● Information given

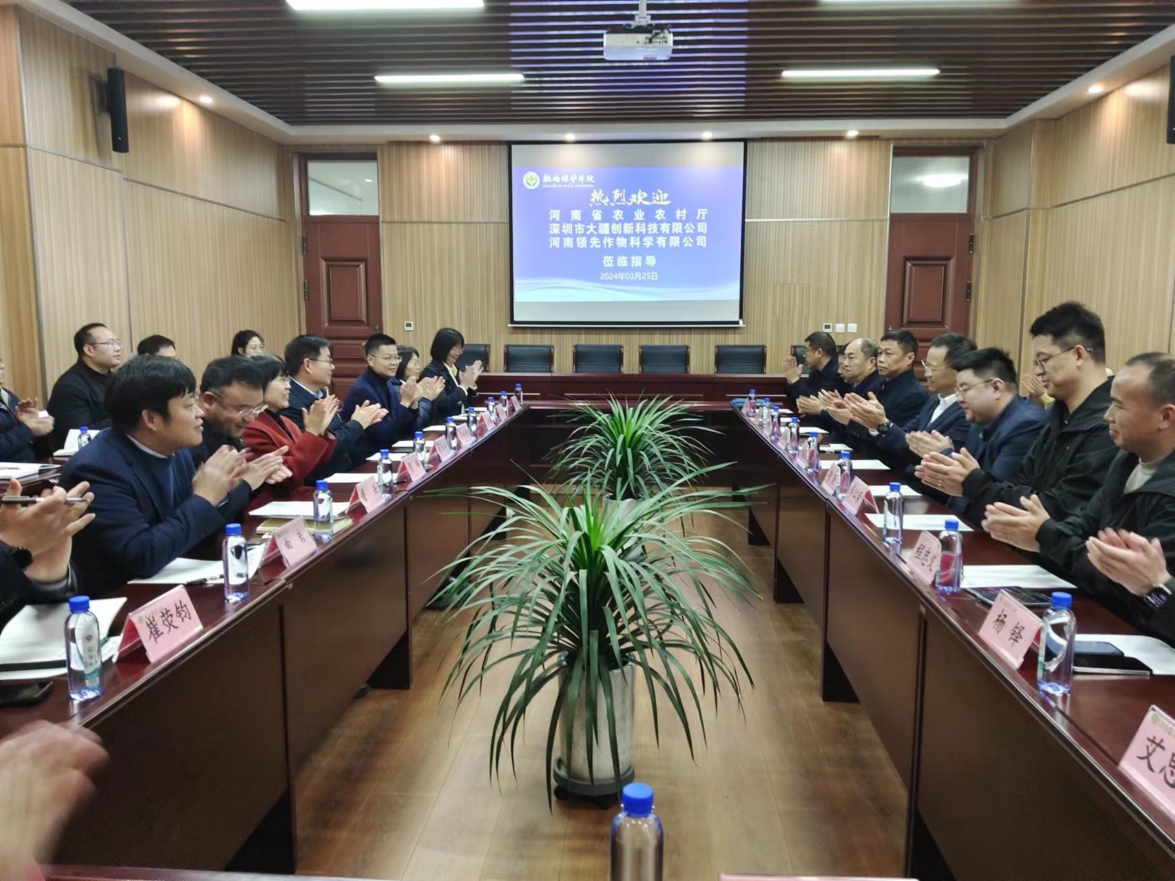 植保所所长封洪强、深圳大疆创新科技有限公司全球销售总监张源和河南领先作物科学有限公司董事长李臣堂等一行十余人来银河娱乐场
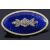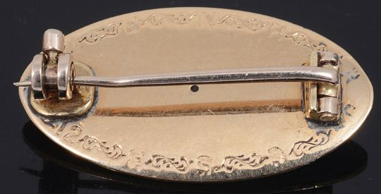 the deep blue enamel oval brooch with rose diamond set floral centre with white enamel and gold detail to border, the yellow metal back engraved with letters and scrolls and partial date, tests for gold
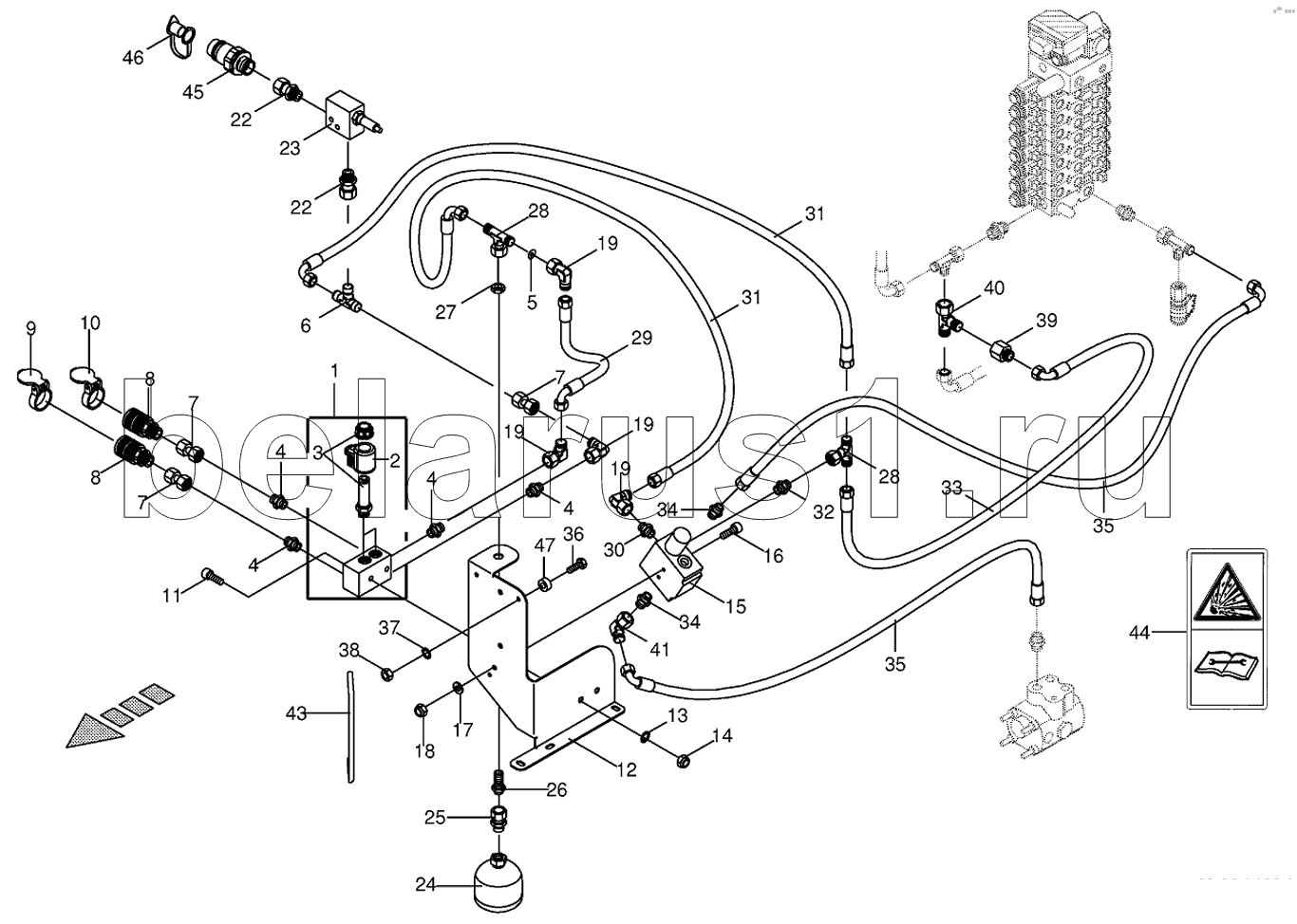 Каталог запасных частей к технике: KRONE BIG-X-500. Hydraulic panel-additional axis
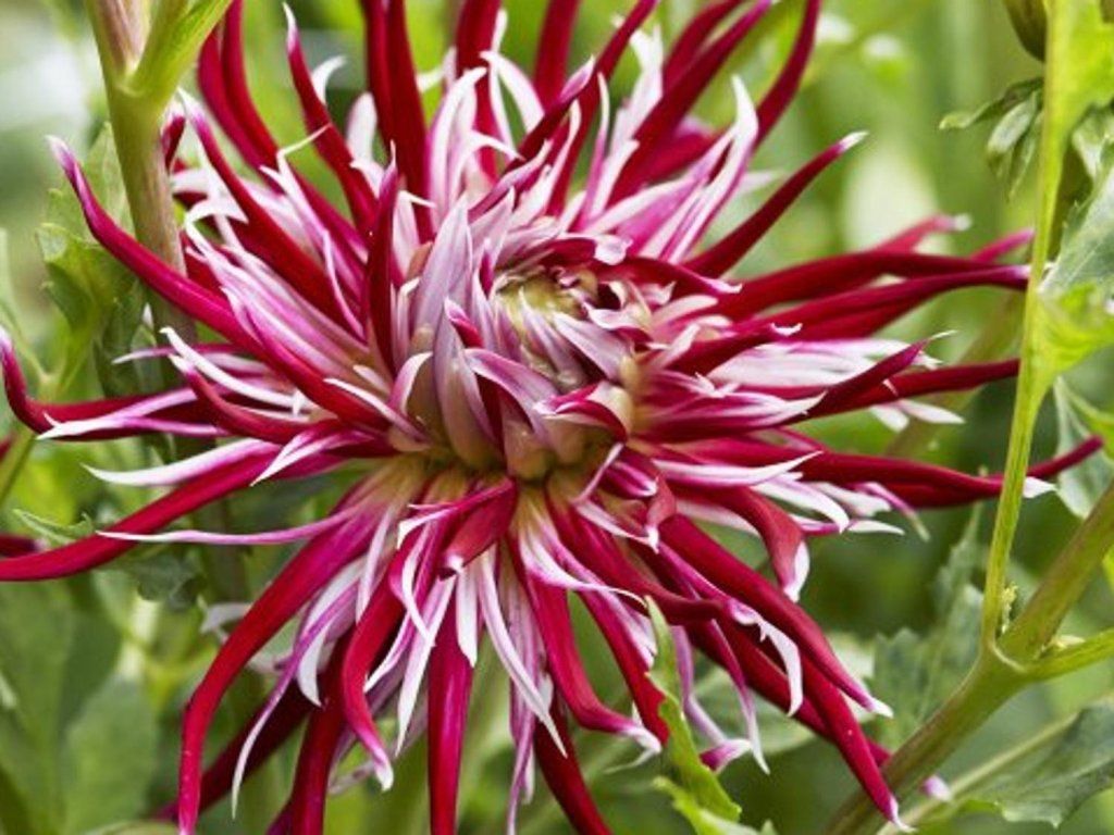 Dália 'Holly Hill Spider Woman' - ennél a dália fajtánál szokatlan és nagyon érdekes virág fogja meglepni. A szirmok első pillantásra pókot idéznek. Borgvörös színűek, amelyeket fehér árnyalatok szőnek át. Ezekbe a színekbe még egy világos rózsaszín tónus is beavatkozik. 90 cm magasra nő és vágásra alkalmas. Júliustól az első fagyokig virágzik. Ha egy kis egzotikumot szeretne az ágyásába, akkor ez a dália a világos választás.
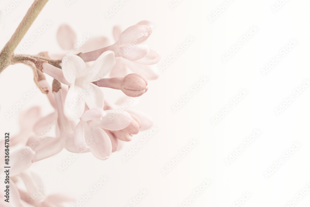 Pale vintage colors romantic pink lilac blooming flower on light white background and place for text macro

--

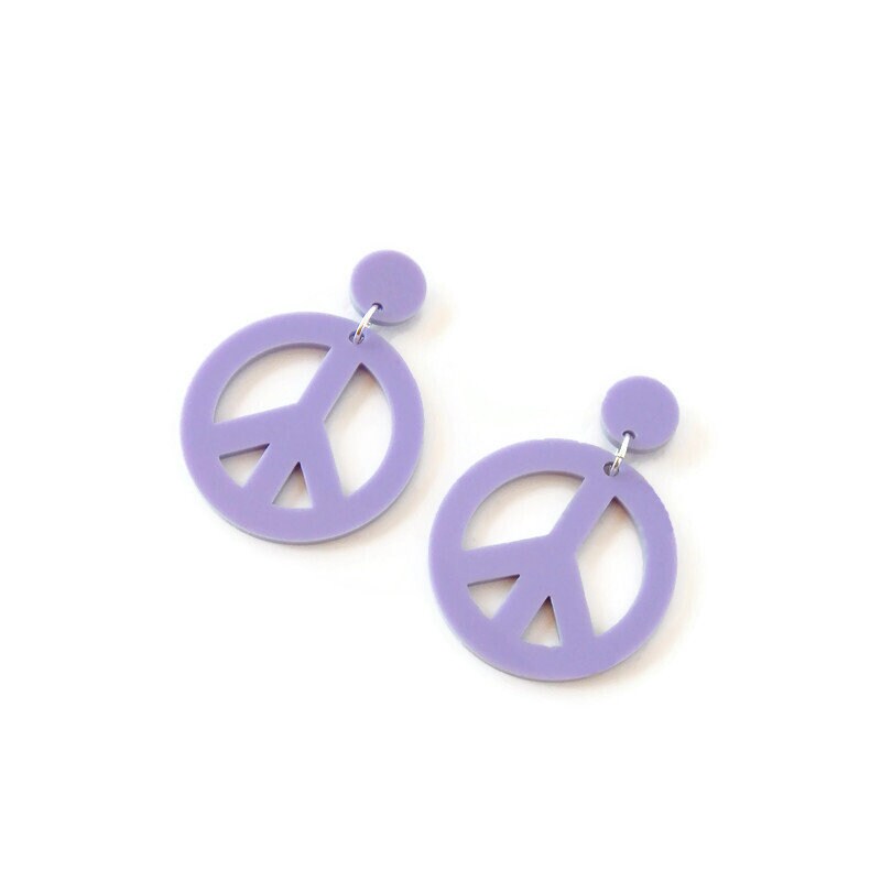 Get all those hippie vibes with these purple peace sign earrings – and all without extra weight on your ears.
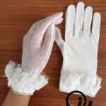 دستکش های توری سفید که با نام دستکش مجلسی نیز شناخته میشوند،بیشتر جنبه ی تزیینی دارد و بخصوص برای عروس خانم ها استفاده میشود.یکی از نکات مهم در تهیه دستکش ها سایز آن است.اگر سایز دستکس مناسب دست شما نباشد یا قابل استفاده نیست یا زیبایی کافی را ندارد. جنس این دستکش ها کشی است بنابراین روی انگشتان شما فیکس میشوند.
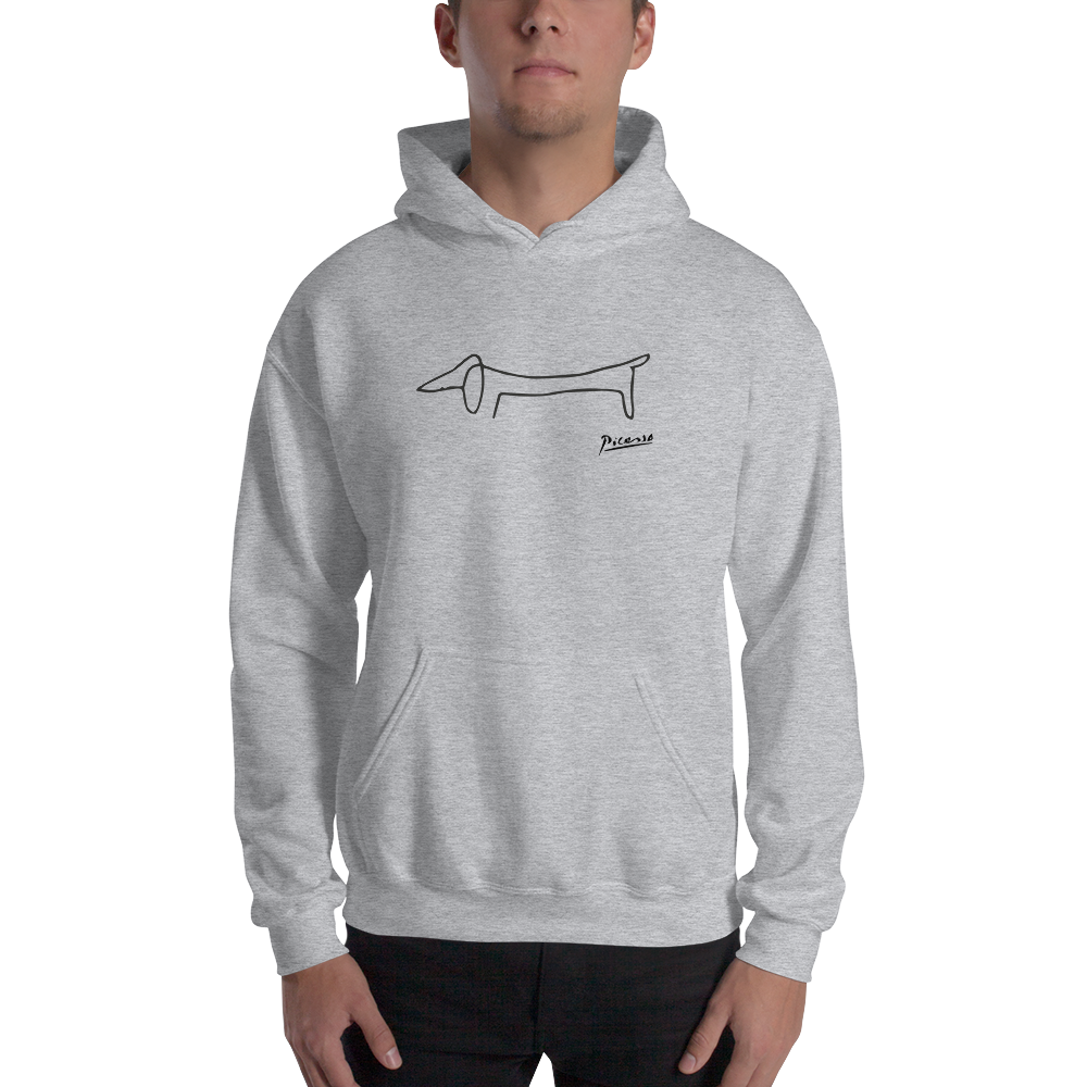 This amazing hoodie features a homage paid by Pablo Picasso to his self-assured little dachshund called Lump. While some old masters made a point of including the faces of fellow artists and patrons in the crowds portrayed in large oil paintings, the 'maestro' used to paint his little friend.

● Try it
From the records above, write out exactly the lines that begin at the line with "植保所所长封洪强、深圳大疆创" and end at the line with "Pale vintage colors". Pictures must not appear in the output.

● Output for this exercise
 植保所所长封洪强、深圳大疆创新科技有限公司全球销售总监张源和河南领先作物科学有限公司董事长李臣堂等一行十余人来银河娱乐场
 the deep blue enamel oval brooch with rose diamond set floral centre with white enamel and gold detail to border, the yellow metal back engraved with letters and scrolls and partial date, tests for gold
 Каталог запасных частей к технике: KRONE BIG-X-500. Hydraulic panel-additional axis
 Dália 'Holly Hill Spider Woman' - ennél a dália fajtánál szokatlan és nagyon érdekes virág fogja meglepni. A szirmok első pillantásra pókot idéznek. Borgvörös színűek, amelyeket fehér árnyalatok szőnek át. Ezekbe a színekbe még egy világos rózsaszín tónus is beavatkozik. 90 cm magasra nő és vágásra alkalmas. Júliustól az első fagyokig virágzik. Ha egy kis egzotikumot szeretne az ágyásába, akkor ez a dália a világos választás.
 Pale vintage colors romantic pink lilac blooming flower on light white background and place for text macro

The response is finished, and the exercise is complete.